Once you find the line below that has "Multi-functional Baby Playpen: INFANS", output it and every line after it exactly, stopping after the line that has "El Elevador de", with no pictures.

# GIVEN RECORDS:
§
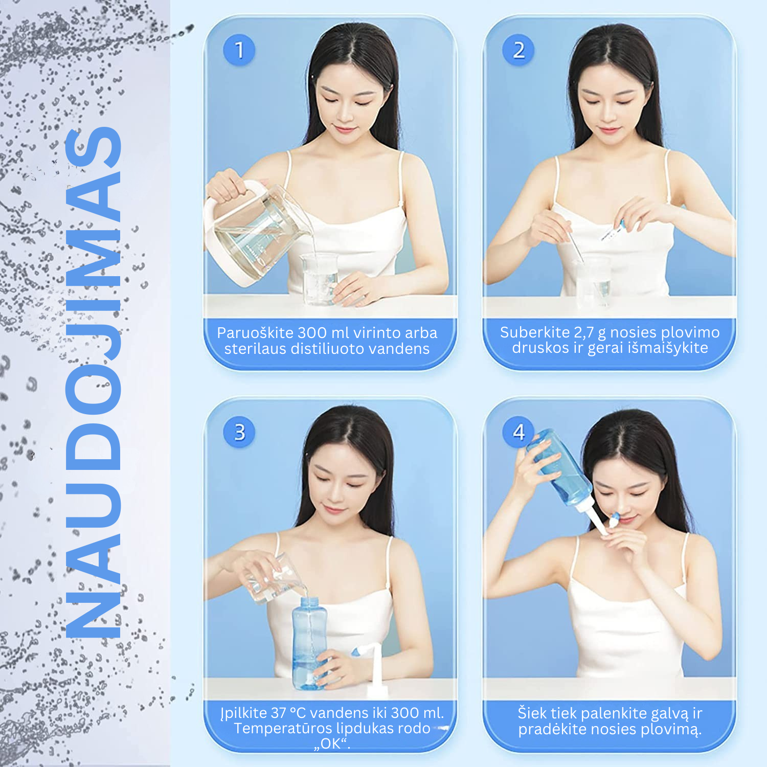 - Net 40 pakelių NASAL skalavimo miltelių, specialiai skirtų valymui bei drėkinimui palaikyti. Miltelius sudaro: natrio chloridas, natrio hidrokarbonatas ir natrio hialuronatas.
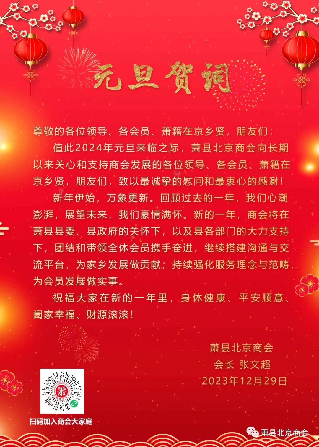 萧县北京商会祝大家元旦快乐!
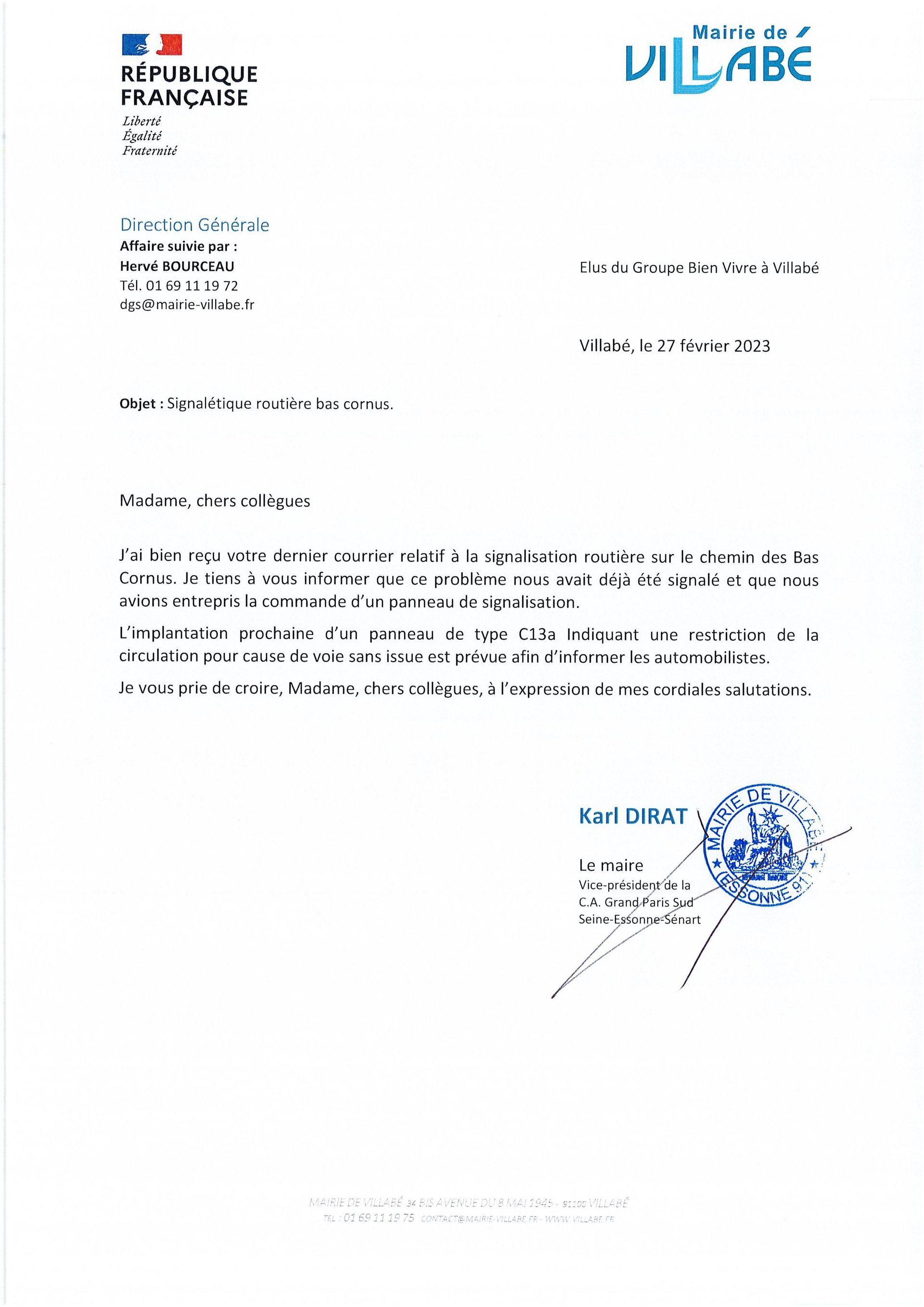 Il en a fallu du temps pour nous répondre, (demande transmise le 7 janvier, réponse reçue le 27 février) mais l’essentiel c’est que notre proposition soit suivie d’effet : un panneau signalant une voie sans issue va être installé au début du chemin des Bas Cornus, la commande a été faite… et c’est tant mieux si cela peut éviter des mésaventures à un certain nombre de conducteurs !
§
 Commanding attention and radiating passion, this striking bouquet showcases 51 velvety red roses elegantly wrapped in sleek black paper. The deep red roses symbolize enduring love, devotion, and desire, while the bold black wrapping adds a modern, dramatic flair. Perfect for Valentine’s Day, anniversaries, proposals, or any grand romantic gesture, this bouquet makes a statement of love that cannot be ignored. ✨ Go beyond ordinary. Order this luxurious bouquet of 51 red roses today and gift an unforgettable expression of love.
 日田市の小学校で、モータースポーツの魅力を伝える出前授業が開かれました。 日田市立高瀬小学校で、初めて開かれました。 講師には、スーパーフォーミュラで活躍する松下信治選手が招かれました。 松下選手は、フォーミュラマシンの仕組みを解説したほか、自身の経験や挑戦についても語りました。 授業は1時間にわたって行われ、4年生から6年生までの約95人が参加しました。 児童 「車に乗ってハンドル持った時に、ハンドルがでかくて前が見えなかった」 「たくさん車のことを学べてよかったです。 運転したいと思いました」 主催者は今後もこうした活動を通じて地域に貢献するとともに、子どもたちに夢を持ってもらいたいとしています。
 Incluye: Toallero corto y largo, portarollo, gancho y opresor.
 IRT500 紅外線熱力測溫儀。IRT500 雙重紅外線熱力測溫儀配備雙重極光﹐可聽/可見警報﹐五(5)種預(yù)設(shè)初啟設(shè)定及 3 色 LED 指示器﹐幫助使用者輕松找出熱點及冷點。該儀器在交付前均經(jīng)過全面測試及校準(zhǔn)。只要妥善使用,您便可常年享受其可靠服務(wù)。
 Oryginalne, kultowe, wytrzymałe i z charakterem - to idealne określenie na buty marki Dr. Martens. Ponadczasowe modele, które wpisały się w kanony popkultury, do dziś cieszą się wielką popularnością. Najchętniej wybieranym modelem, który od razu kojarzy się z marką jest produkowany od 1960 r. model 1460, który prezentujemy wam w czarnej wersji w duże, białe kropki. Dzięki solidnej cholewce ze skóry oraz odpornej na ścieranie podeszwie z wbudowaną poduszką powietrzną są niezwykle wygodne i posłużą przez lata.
§
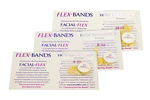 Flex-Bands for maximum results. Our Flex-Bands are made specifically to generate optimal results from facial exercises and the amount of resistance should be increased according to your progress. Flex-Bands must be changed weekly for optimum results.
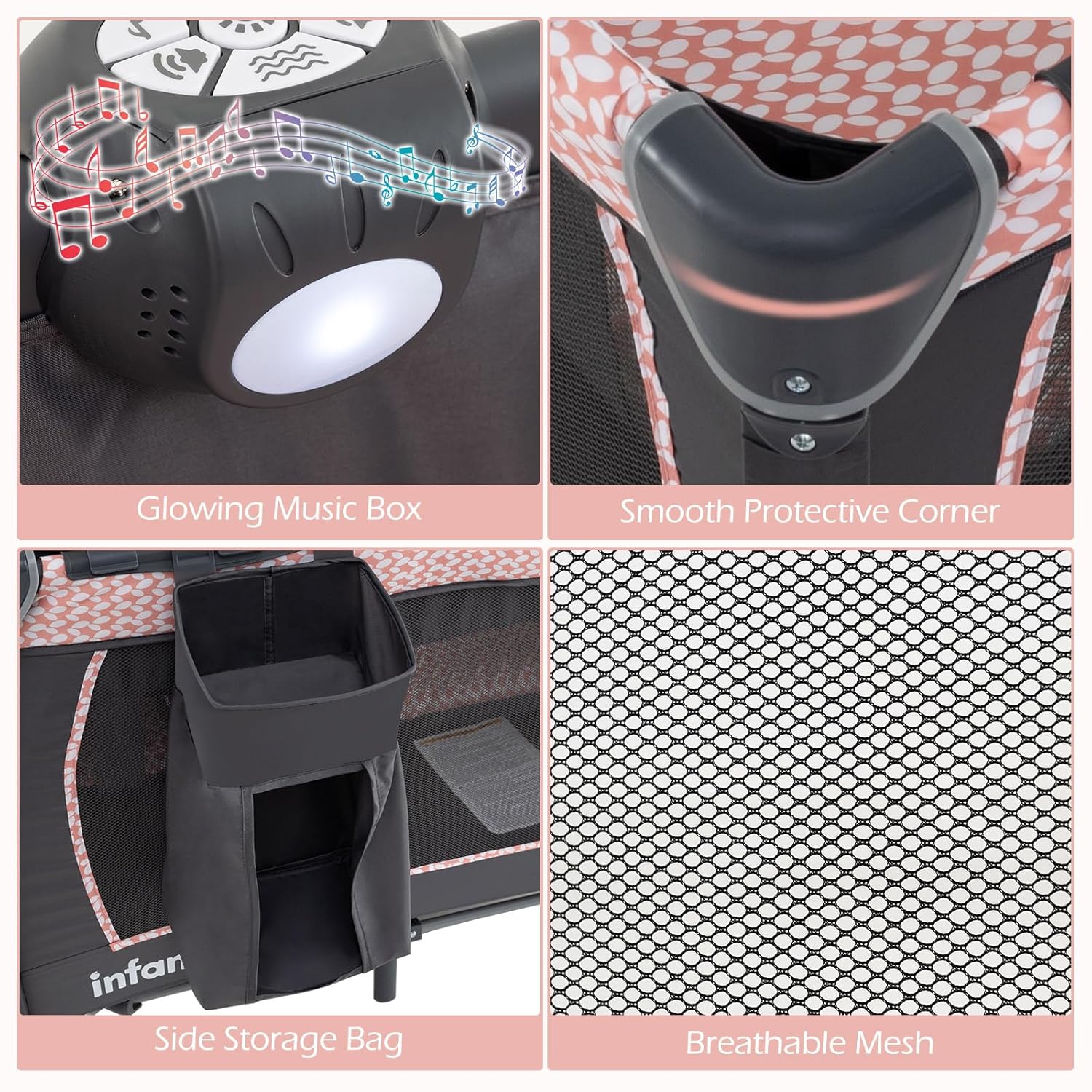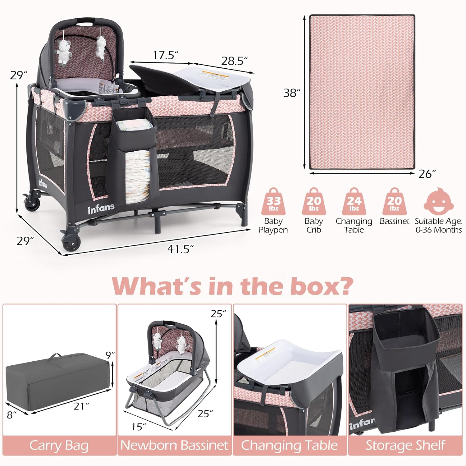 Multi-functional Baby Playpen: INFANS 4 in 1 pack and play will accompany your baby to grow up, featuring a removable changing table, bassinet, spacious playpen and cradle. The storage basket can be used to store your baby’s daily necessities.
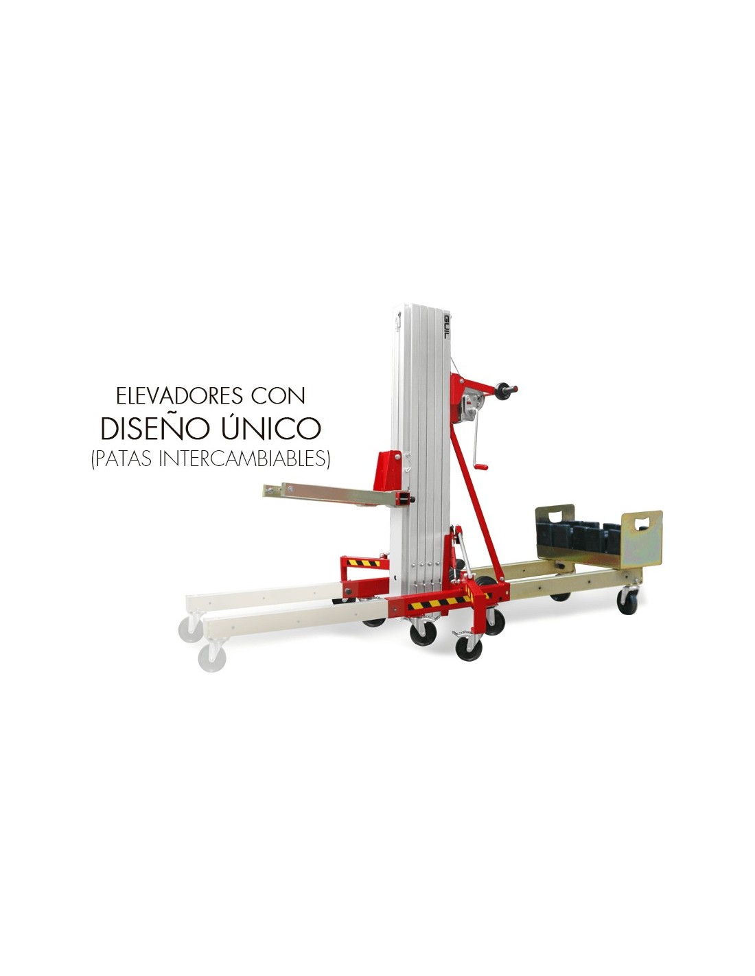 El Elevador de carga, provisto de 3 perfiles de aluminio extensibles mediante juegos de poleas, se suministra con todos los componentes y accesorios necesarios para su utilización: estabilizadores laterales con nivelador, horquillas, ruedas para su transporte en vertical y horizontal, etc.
§
# EXERCISE SOLUTION:
 Multi-functional Baby Playpen: INFANS 4 in 1 pack and play will accompany your baby to grow up, featuring a removable changing table, bassinet, spacious playpen and cradle. The storage basket can be used to store your baby’s daily necessities.
 El Elevador de carga, provisto de 3 perfiles de aluminio extensibles mediante juegos de poleas, se suministra con todos los componentes y accesorios necesarios para su utilización: estabilizadores laterales con nivelador, horquillas, ruedas para su transporte en vertical y horizontal, etc.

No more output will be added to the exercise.